START Materials provided

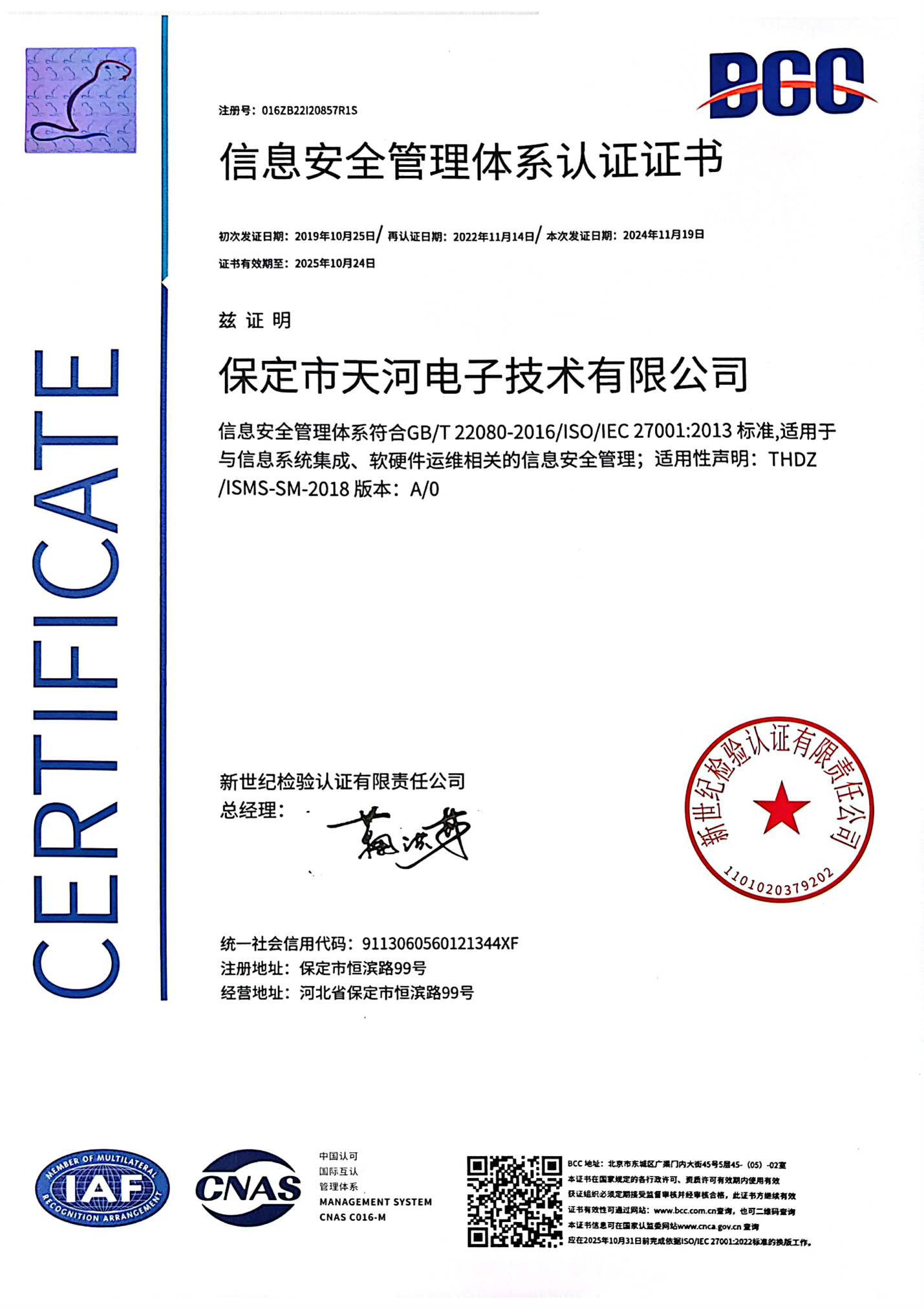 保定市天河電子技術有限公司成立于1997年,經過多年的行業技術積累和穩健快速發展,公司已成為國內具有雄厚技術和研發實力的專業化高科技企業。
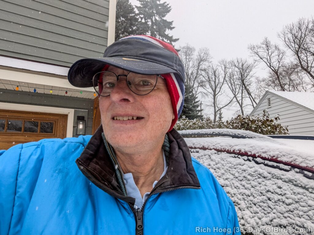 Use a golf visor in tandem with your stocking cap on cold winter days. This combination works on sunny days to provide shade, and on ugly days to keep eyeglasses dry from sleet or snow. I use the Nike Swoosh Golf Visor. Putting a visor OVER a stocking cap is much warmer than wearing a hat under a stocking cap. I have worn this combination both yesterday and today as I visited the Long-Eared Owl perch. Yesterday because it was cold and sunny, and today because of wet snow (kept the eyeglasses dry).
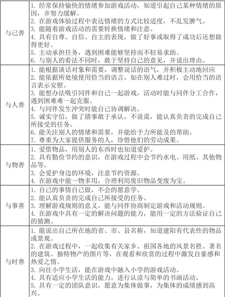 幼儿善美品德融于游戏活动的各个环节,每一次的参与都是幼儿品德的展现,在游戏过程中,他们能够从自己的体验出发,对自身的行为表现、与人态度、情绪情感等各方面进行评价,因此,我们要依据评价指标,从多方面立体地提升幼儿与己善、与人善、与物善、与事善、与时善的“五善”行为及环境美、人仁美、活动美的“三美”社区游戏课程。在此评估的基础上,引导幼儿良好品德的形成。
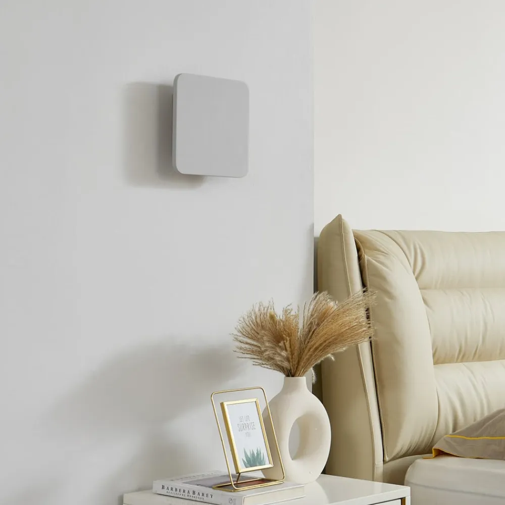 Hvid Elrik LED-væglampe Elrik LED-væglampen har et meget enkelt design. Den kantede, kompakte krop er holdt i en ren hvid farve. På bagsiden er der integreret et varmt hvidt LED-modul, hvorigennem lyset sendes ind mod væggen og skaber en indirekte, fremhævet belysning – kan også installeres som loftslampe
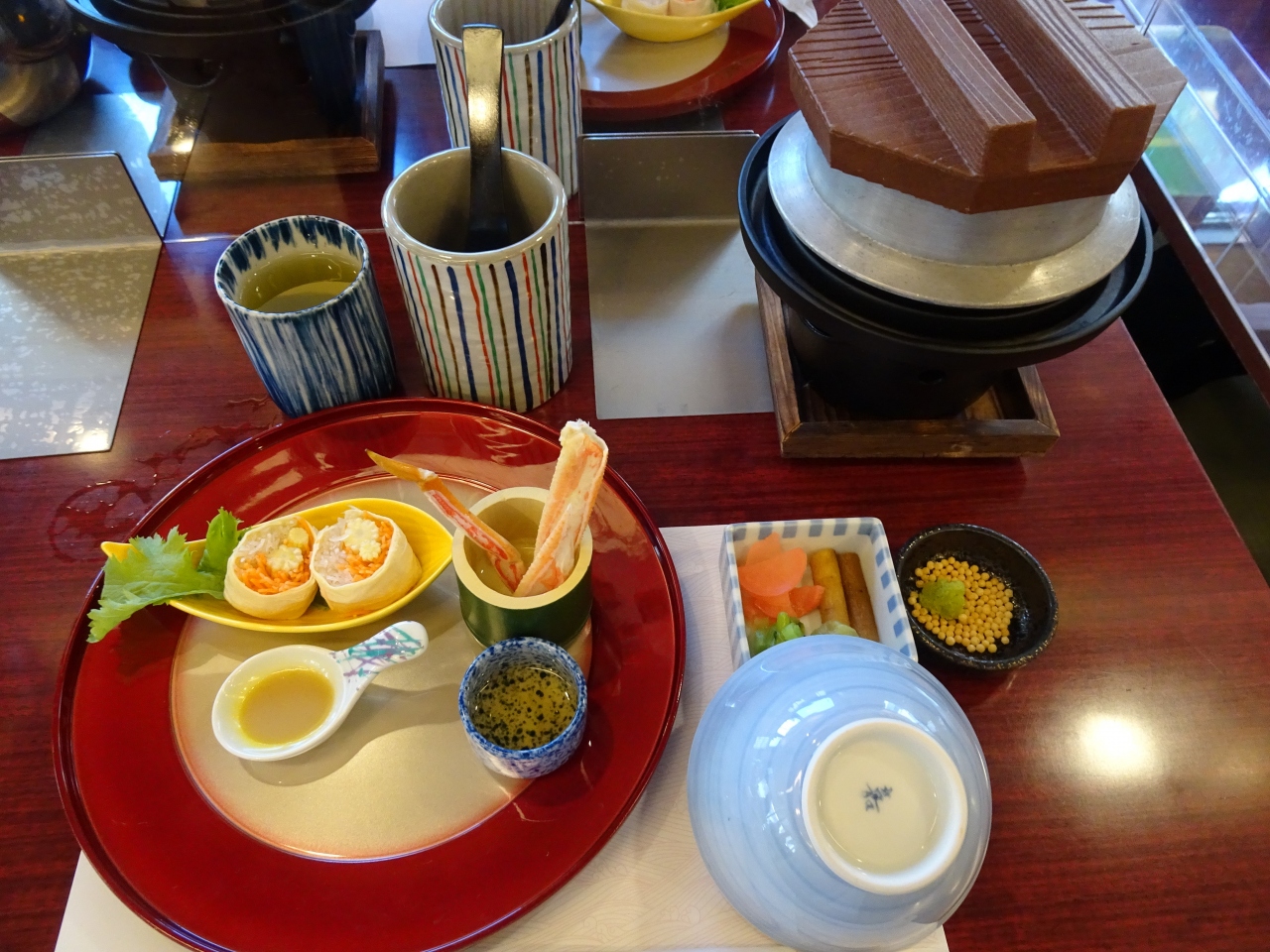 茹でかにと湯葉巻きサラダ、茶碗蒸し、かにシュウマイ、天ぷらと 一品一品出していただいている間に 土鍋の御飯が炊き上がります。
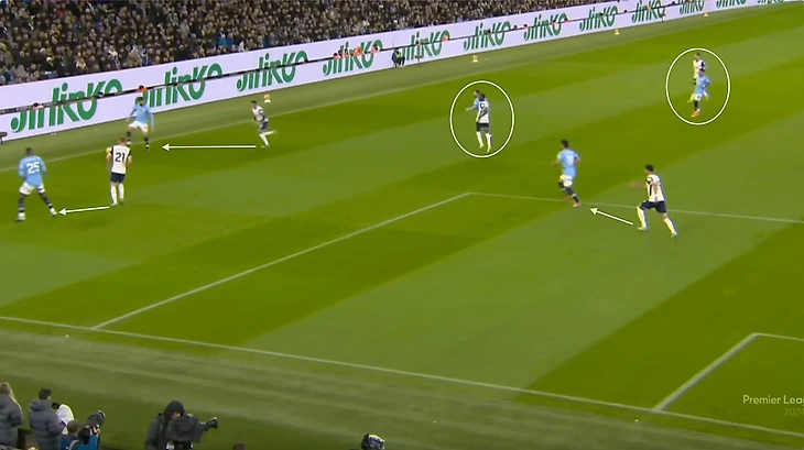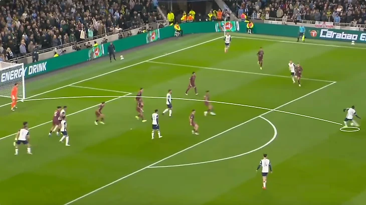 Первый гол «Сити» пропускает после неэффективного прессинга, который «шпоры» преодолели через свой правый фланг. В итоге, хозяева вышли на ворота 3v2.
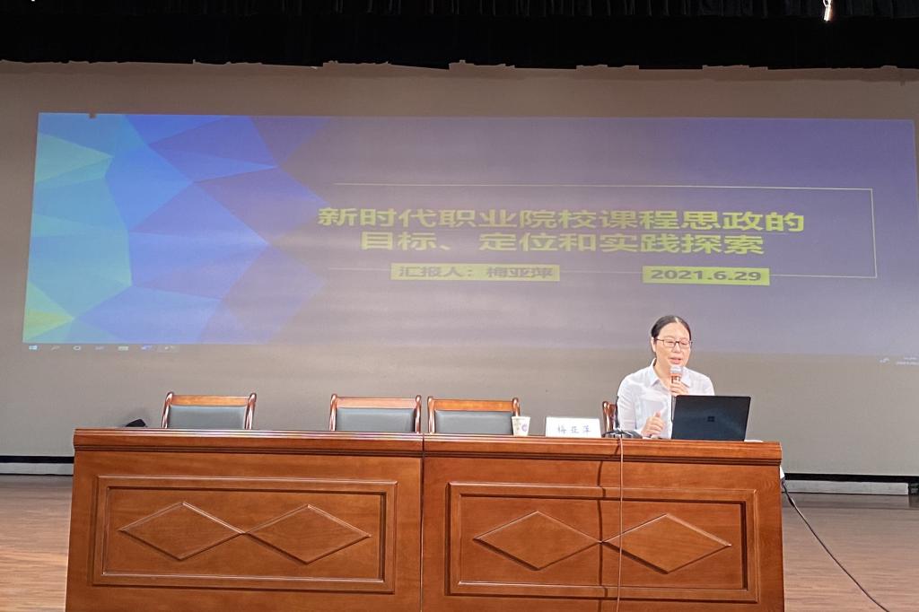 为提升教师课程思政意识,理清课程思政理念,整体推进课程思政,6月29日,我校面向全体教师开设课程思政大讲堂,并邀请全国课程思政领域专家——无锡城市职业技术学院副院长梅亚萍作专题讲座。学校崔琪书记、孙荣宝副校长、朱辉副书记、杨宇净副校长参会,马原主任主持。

END Materials provided
START Materials provided

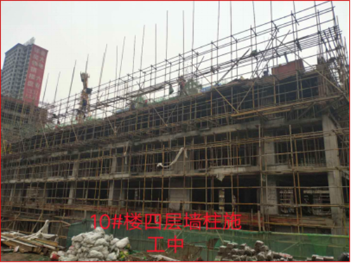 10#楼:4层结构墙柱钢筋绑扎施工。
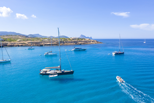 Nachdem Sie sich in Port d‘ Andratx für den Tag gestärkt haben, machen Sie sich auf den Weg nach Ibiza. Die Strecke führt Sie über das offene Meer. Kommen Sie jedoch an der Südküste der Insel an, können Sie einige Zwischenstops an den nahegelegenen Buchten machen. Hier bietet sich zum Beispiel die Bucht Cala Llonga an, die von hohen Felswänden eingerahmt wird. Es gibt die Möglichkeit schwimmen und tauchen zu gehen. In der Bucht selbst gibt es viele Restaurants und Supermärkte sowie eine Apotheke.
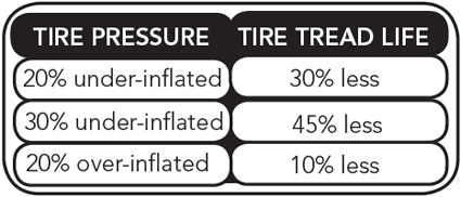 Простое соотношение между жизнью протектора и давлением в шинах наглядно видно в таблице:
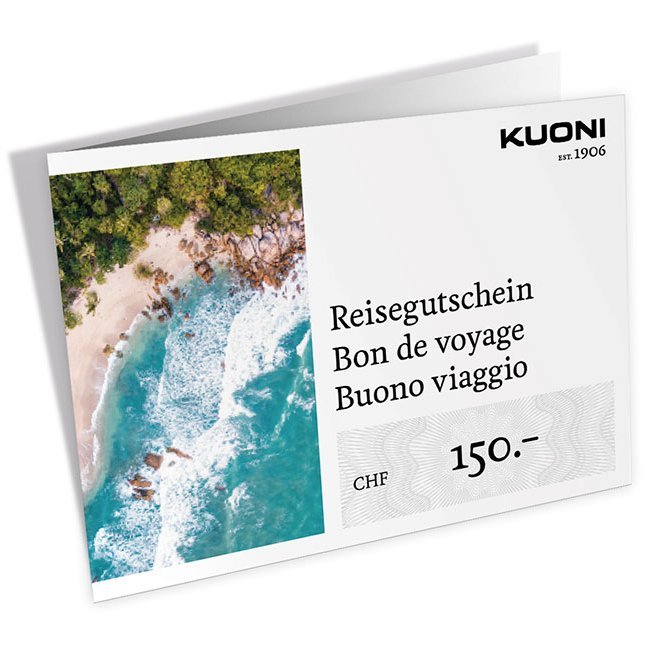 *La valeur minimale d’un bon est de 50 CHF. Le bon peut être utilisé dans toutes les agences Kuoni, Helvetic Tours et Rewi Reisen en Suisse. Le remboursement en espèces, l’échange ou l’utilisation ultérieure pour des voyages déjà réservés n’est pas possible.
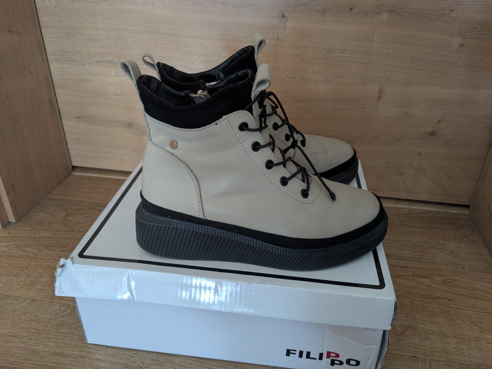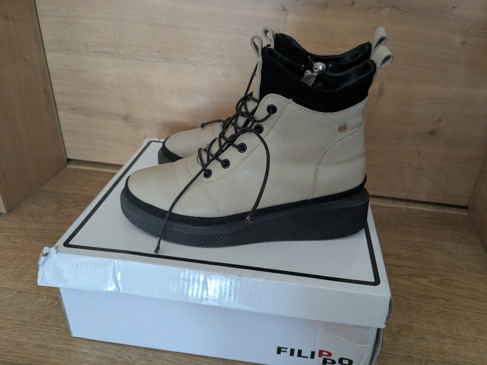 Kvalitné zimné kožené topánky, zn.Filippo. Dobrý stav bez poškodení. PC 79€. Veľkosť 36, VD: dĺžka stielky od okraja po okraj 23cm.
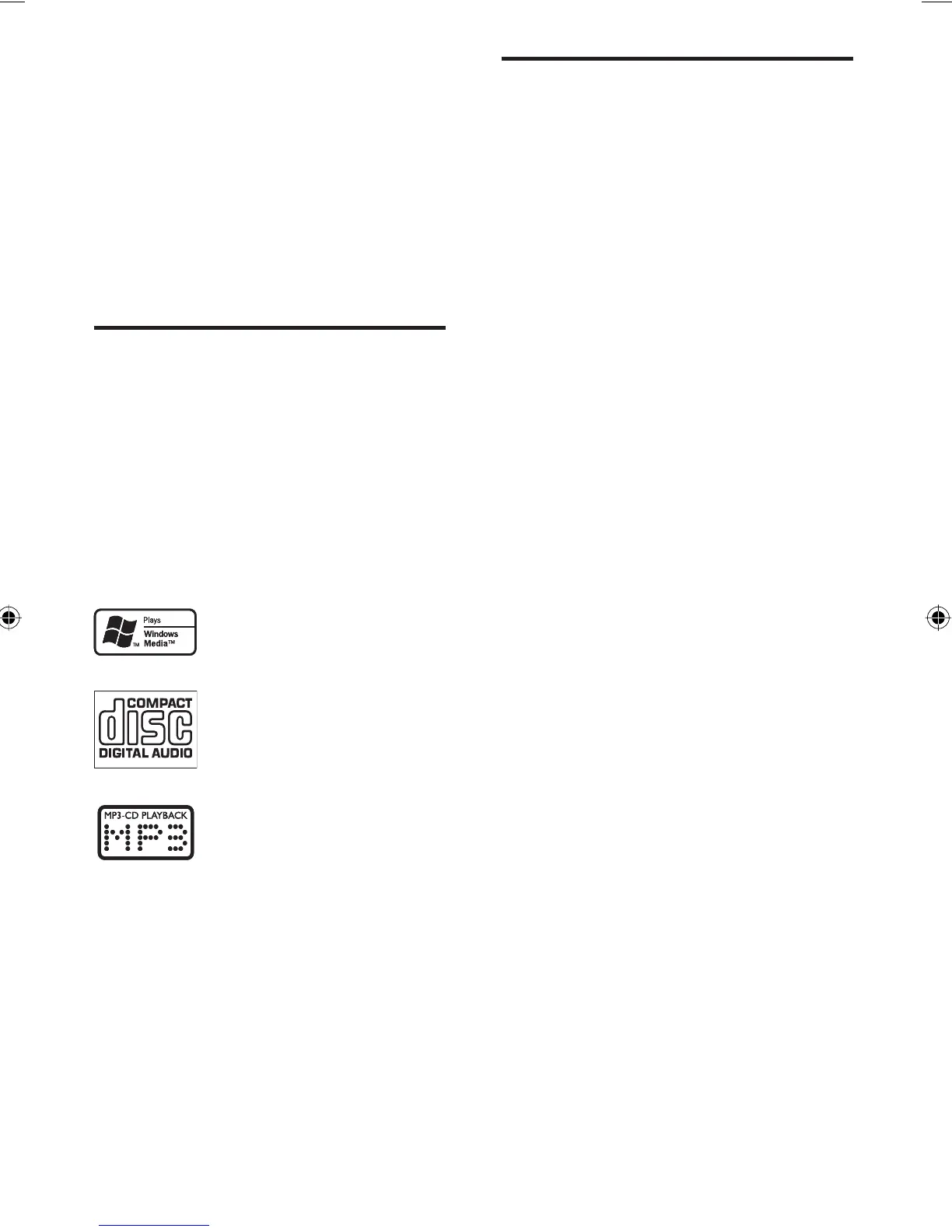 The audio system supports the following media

END Materials provided

Copy only these lines from the records above, exactly: the one with "n’est pas possible.", the one with "The audio system", and those between. Skip the pictures.

» Response below:
 *La valeur minimale d’un bon est de 50 CHF. Le bon peut être utilisé dans toutes les agences Kuoni, Helvetic Tours et Rewi Reisen en Suisse. Le remboursement en espèces, l’échange ou l’utilisation ultérieure pour des voyages déjà réservés n’est pas possible.
 Kvalitné zimné kožené topánky, zn.Filippo. Dobrý stav bez poškodení. PC 79€. Veľkosť 36, VD: dĺžka stielky od okraja po okraj 23cm.
 The audio system supports the following media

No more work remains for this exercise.